Prescribed More Than 4.5 Million Times Each Year, Drug Can Cause Fatal Liver Damage, Lead to Dangerous Interactions With Other Drugs

WASHINGTON, D.C. – The consumer advocacy group Public Citizen today petitioned the U.S. Food and Drug Administration (FDA) to remove from the market the popular antidepressant nefazodone, manufactured by Bristol-Myers Squibb. Nefazodone, marketed under the name Serzone, has no unique therapeutic benefit and has led to at least 11 deaths in the United States from liver toxicity, government records show.

In January 2003, the manufacturer removed nefazodone from the European market after the Swedish Medical Products Agency announced that it would require a warning on the drug’s label about the potential for liver toxicity. In the United States, more than 4.5 million prescriptions were filled for Serzone in 2001.

"There is no good reason to keep this drug on the market. It is no more effective than other antidepressants, and it presents a unique health hazard for patients," said Sidney Wolfe, M.D., director of Public Citizen’s Health Research Group.

In its analysis of adverse event reports from the FDA, Public Citizen found that from 1994, when it was first marketed, to the spring of 2002, nefazodone was associated with at lease 53 cases of liver injury, including 21 cases of liver failure and 11 deaths. Worldwide, Bristol-Myers Squibb itself acknowledges 28 reports of liver failure, including 18 deaths.

Additionally, while nefazodone is not more effective at treating depression than older drugs, according to research by the federal Agency for Health Care Policy and Research, it is uniquely dangerous to patients. Further, periodic liver testing has not been shown to prevent injury and there is no way to predict which patients are at higher risk for liver damage.

An analysis by researchers in Spain found that, of 13 antidepressants, nefazodone has the highest incidence of liver injury – seven to 22 times that of the other antidepressants.

The liver toxicity dangers of nefazodone are compounded by the fact that it inhibits a key enzyme that is involved in the detoxification of about half of all prescribed drugs, so nefazodone increases the toxicity dangers of other drugs a patient is taking simultaneously. Also, by inhibiting this enzyme, nefazodone can increase its own concentration with potentially toxic results.

The FDA in December 2001 notified Bristol-Myers Squibb that it must add a "black box" warning to the package insert for nefazodone warning of life-threatening liver damage and recommending that physicians advise their patients to be aware of signs of liver problems.

But black box warning does not go far enough to protect patients, particularly because the labeling presented a confused message, the petition said. Although the black box warning recommends monitoring of patients’ liver function, a second notice on the label downplays the necessity of such tests.

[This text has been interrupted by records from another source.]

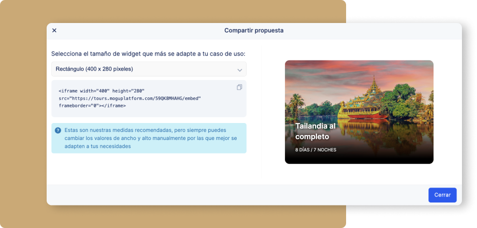 Para hacerlo, simplemente tienes que pinchar, dentro del menú de la propuesta, donde pone “compartir”. Ahí podrás seleccionar cómo quieres que se vea la tarjeta: cuadrada, rectangular o vertical. Ya solo tendrás que copiar el código que te aparece y pegarlo en tu web sobre una etiqueta HTML. Tu propuesta quedará así enlazada con tu web, y lo mejor es que, como todo en MOGU, es completamente dinámica: todos los cambios que hagas se reflejarán en el enlace que has compartido, de forma que el itinerario estará siempre actualizado al 100%.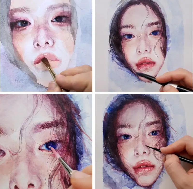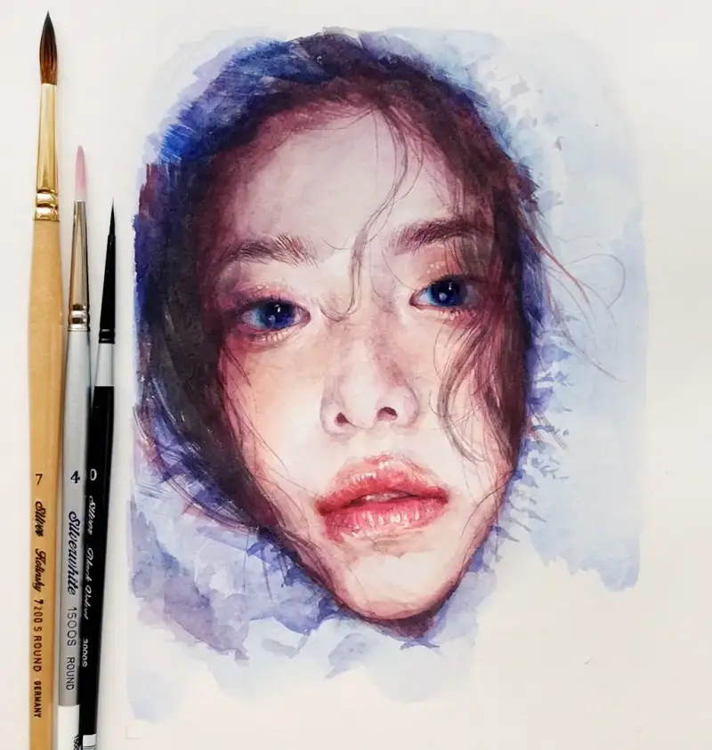 콜린스키 7호로 납작한 터치를 넣으면 회화적인 분위기를 만들 수 있어요. 이번 그림에서 가장 많이 사용한 붓이에요. 갈필을 쓰면 눈썹 묘사도 한번에 하기 좋아요. 둥근 세필을 사용해서 한올씩 그릴 수도 있지만 이런 갈필로 그리면 붓의 한가닥에서 나오는 얇은 선을 그대로 표현할 수 있어서 묘사하기 편하겠죠.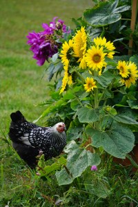 I’ve discovered one downside to having a roving herd of chickens happily roaming the property. Despite having 80 acres to wander, they all seem to end up crammed in my dahlia bed. The one spot of decorative landscaping I’ve poured all my efforts into is being treated like the salad bar at Old Country Buffet.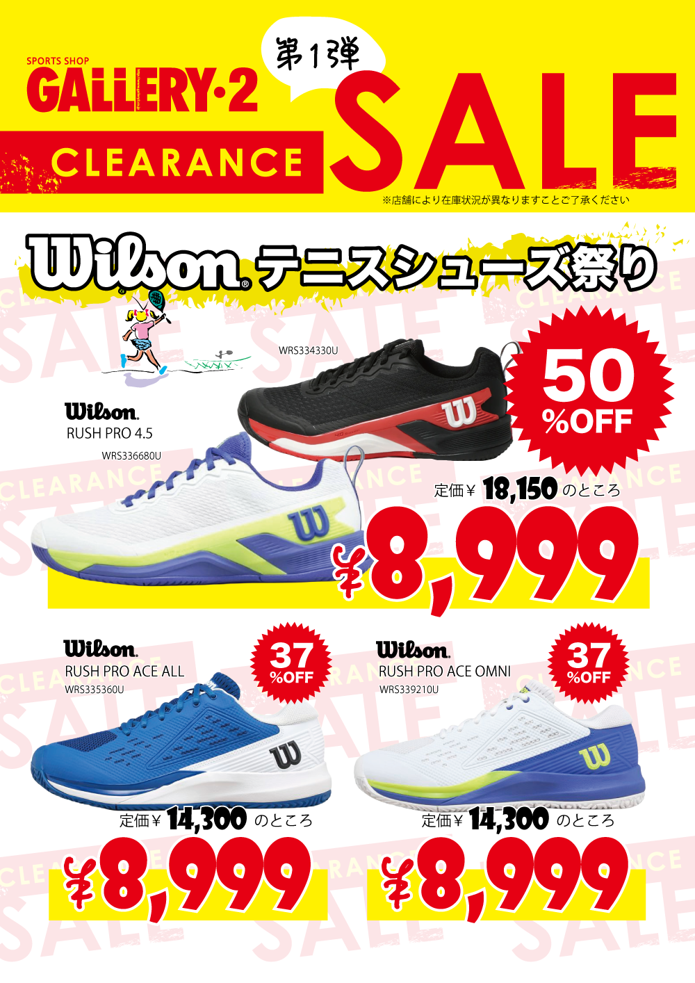 2026.01.22 クリアランスセール第1弾! ~ テニス編 ~ 海老名ビナウォーク店 港北ノースポート・モール店 オンラインショップ お買い得も、楽しみもドンドン増える!クリアランスセール【第1弾】 テニスのお買い得アイテムはコチラ!!気になるアイテムはお早めにGETしてくださいね。 ■オンラインショップでもご購入いただけます■ ※店舗ごとに展開モデル、展開サイズ等異なりますので 詳しくは通販事業部もしくは各店舗までお問い合わせください。 取扱店舗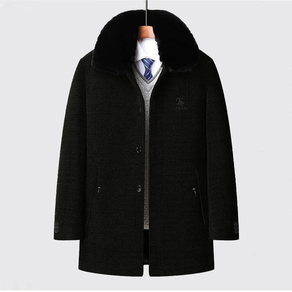 เสื้อโค้ทขนสัตว์ยาวสำหรับผู้ชาย ทันสมัย เป็นมิตรกับสิ่งแวดล้อม เหมาะสำหรับฤดูหนาว ให้ความอบอุ่นอย่างดี ดีไซน์หรูหรา ทันสมัย ทรงพอดีตัว เหมาะสำหรับใส่ไปทำงาน ใส่ลำลอง หรือใส่ในชีวิตประจำวัน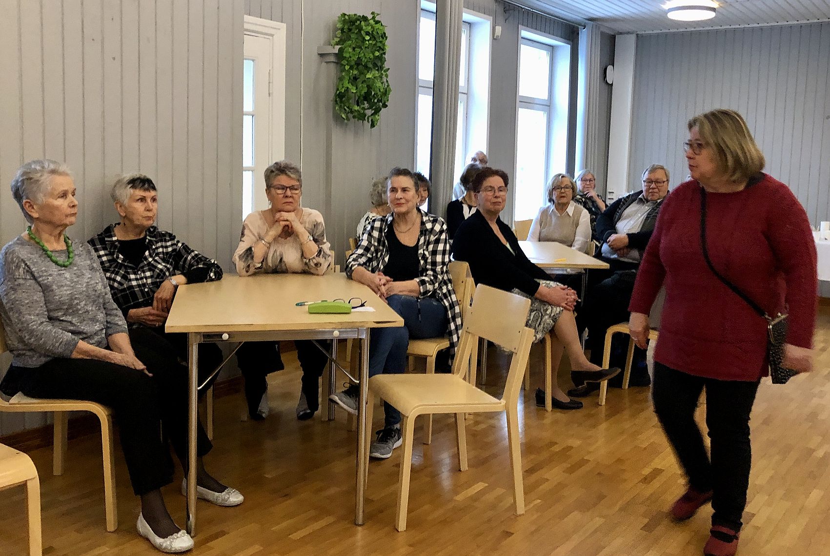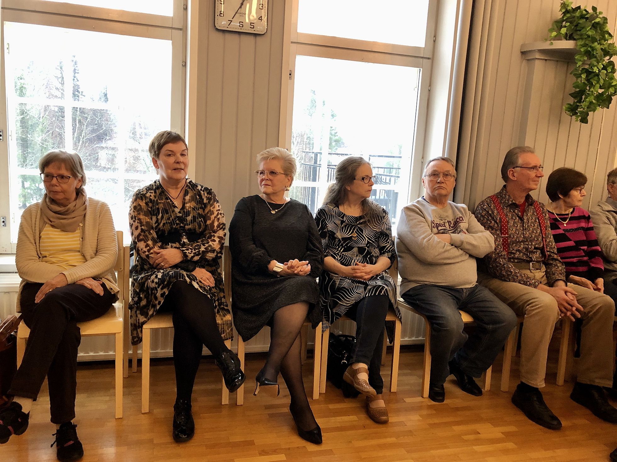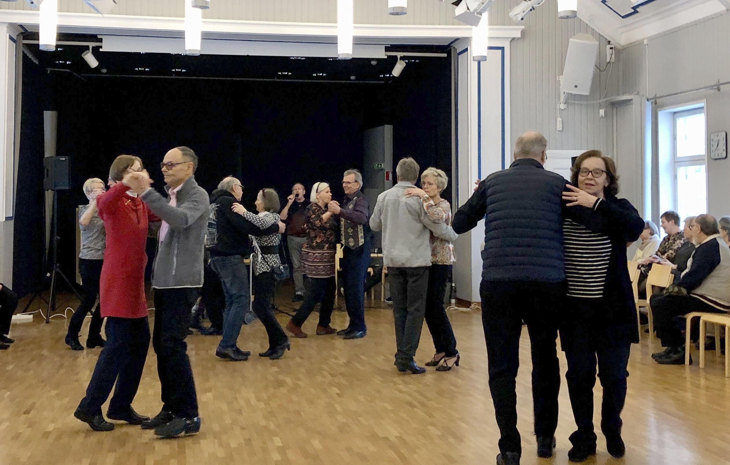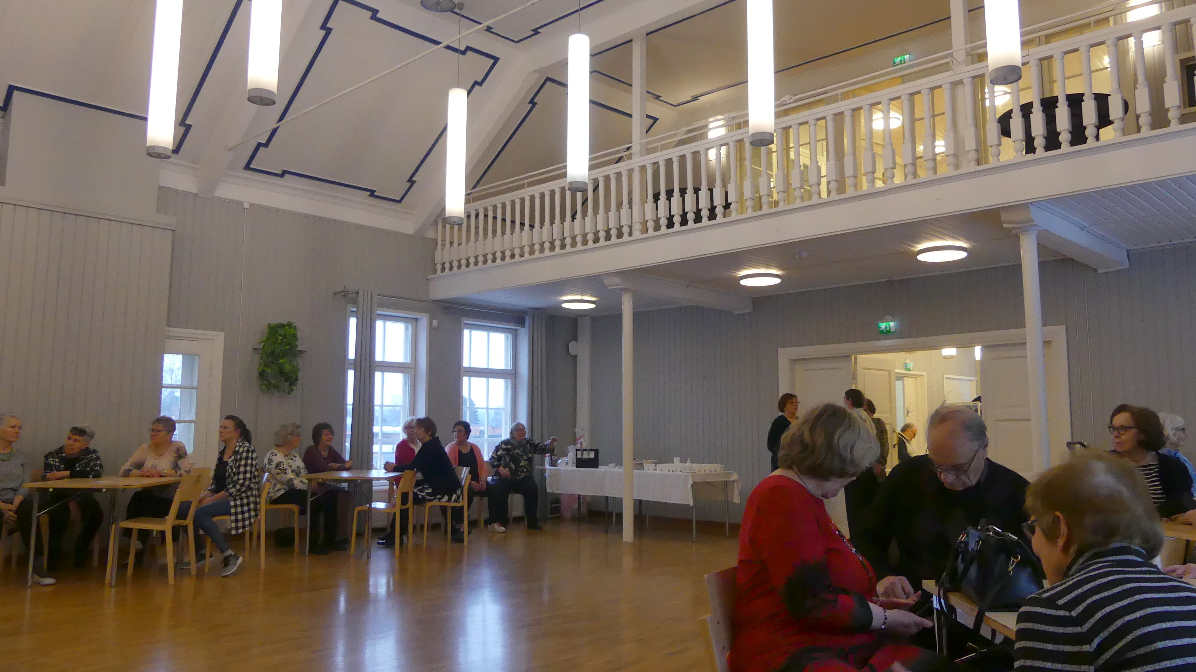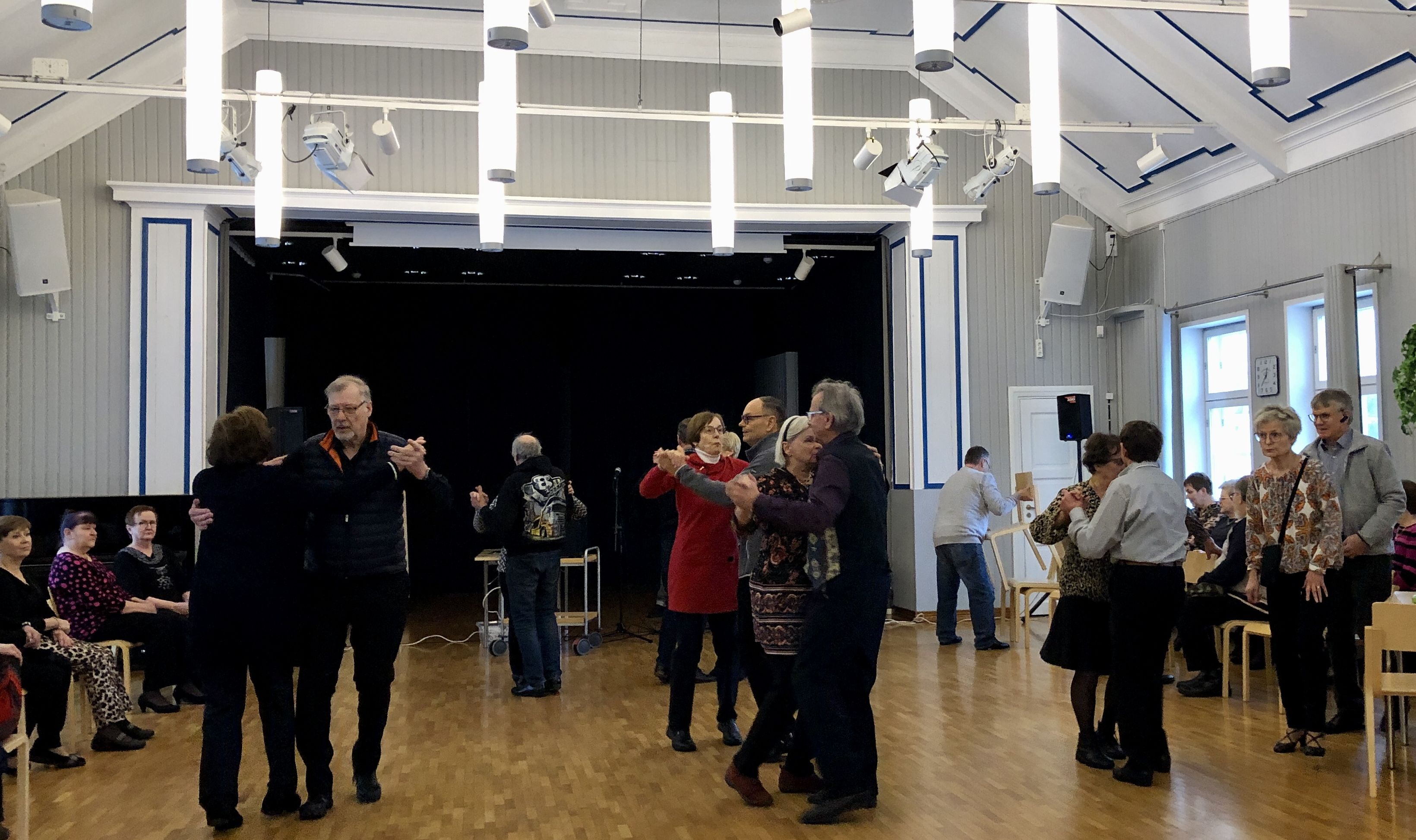 Väkeä paljon, iloisia kasvoja, puhetta ja naurua, tanssilattia täynnä. Naisethan ovat aina luontevasti tanssineet keskenäänkin kavaljeerin puuttuessa, ja niin nytkin. Yhdistyksen loistavat karaokelaulajat monipuolisine lauluineen takasivat viihtymisen, eikä ulkopuolista esiintyjää kukaan kaivannut. Hyvä ”massatapahtuma” kahveineen ja pullineen, seurusteluineen, oli siis samoja elementtejä kuin seurakuntakeskusten kuukausikerhoissa, mutta meno oli toisenlaista. Kiitos tilaisuuden järjestämisestä!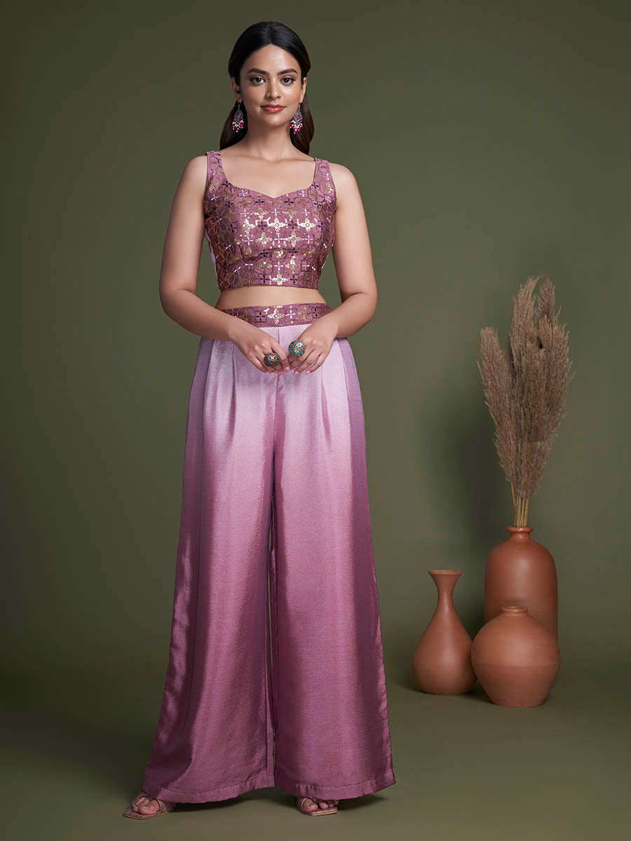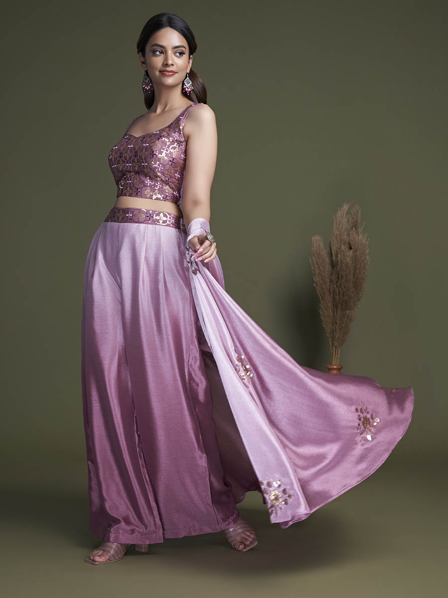 Introducing the enchanting Pink Koti Style Silk and Georgette Embroidered Palazzo Suit, a captivating ensemble that radiates grace and elegance. This stunning set features a charming purple choli, exquisitely paired with a dark purple koti and flowing purple palazzo pants.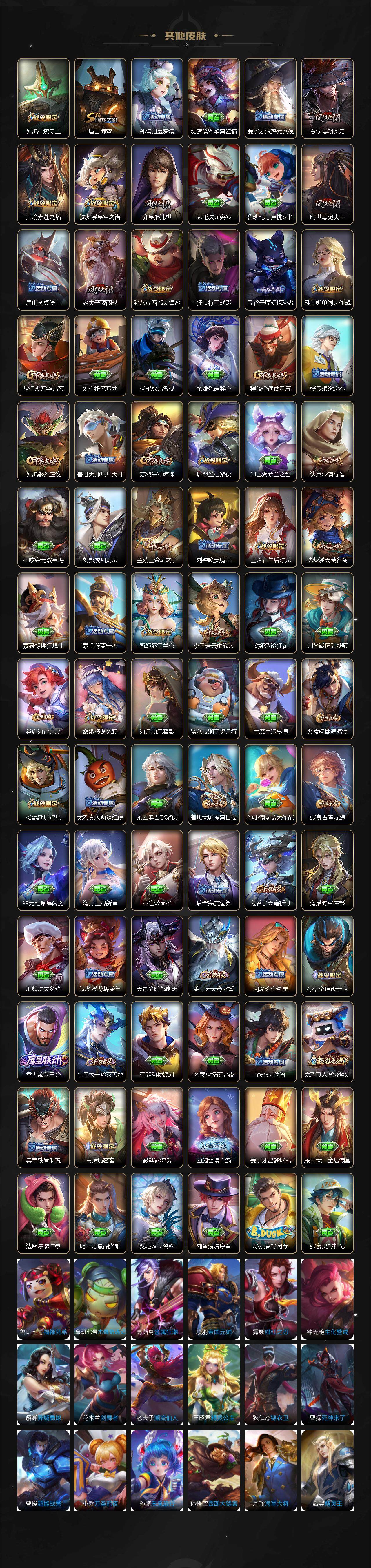 瑶遇见神鹿,伽罗箭羽风息,李元芳逐浪之夏,孙策猫狗日记,阿轲节奏热浪,露娜紫霞仙子,诸葛亮黄金分割率,王昭君偶像歌手,项羽苍穹之光,吕布末日机甲,鲁班七号电玩小子,嬴政摇滚巨星,刘禅天才门将,白起星夜王子,安琪拉心灵骇客,程咬金功夫厨神,刘邦德古拉伯爵,兰陵王暗隐猎兽者,曹操幽灵船长,宫本武藏鬼剑武藏,亚瑟心灵战警,廉颇地狱岩魂,小乔缤纷独角兽,夏侯惇乘风破浪,铠曙光守护者,墨子金属风暴,百里玄策原初追逐者,吕布圣诞狂欢,貂蝉圣诞恋歌,百里守约特工魅影,雅典娜黎明之约,李白千年之狐,夏洛特永昼,刘禅电玩·爆裂旋风,李白谪仙醉月,赵怀真器灵·浮梦炉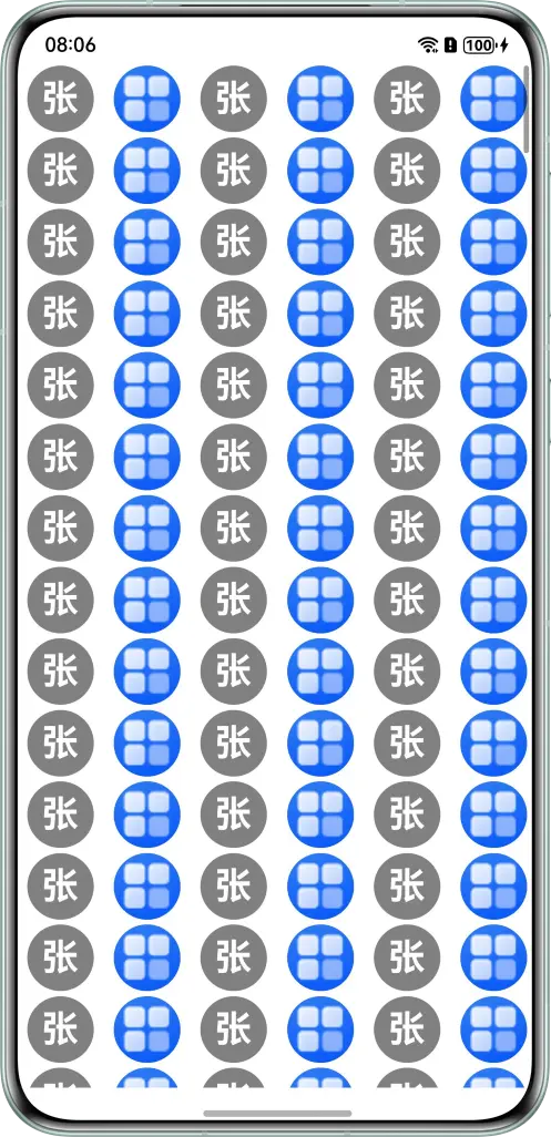 以一个简单的公共头像组件为例演示AttributeModifier方案的性能收益。公共头像组件要求对于有用户头像的数据,界面展示用户头像图片。对于没有用户头像的数据,界面展示灰色背景和用户名的第一个字符。现列表展示1000个头像组件,界面效果如下: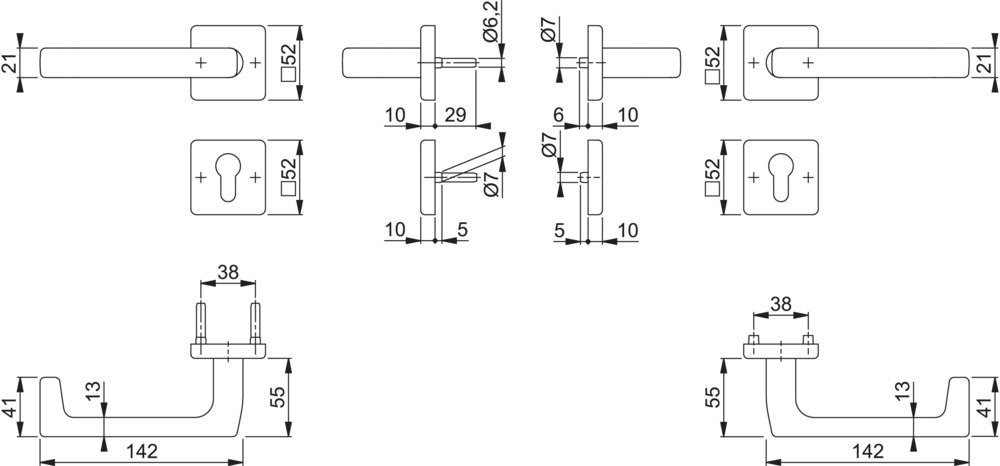 | Länge Drückerrosette (außen) | 52 mm |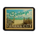 El diseño de esta postal antigua de Greetings From Panama City incluye una playa de arena con un hermoso agua turquesa del océano y sobre el mar, un cielo azul con nubes blancas onduladas. En estilo de viajes vintage.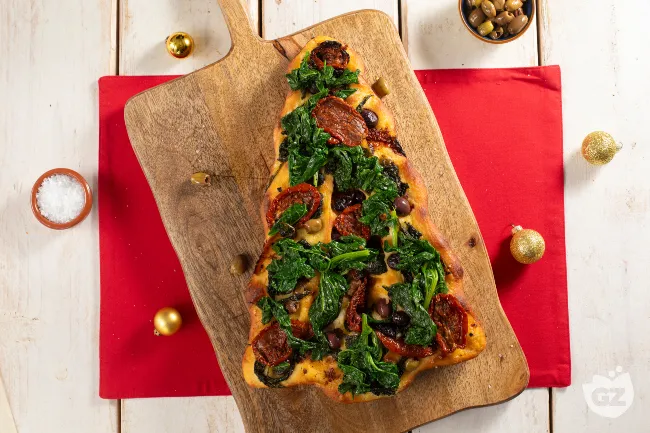 La focaccia si trasforma in un'opera d'arte commestibile, dove la tradizione pugliese incontra lo spirito festivo. Questa creazione unisce la rustica morbidezza di un impasto ben lievitato al carattere deciso delle cime di rapa, promettendo un'esperienza che seduce sia il palato che lo sguardo con la sua silhouette natalizia.

In the February 2002 issue of its monthly newsletter about drug safety, Worst Pills, Best Pills News, Public Citizen labeled nefazodone as a "Do Not Use" drug because of its known liver toxicity and recommended that anyone who had been taking it consider switching to a safer antidepressant. The petition and articles from the newsletter about Serzone are posted online at www.worstpills.org, a drug information service launched this winter by Public Citizen.

"Our readers have known for a year to steer clear of this drug, and now patients in Europe are protected, too," Wolfe said. "The FDA is endangering the lives of patients in this country every day that it allows nefazodone to remain on the market."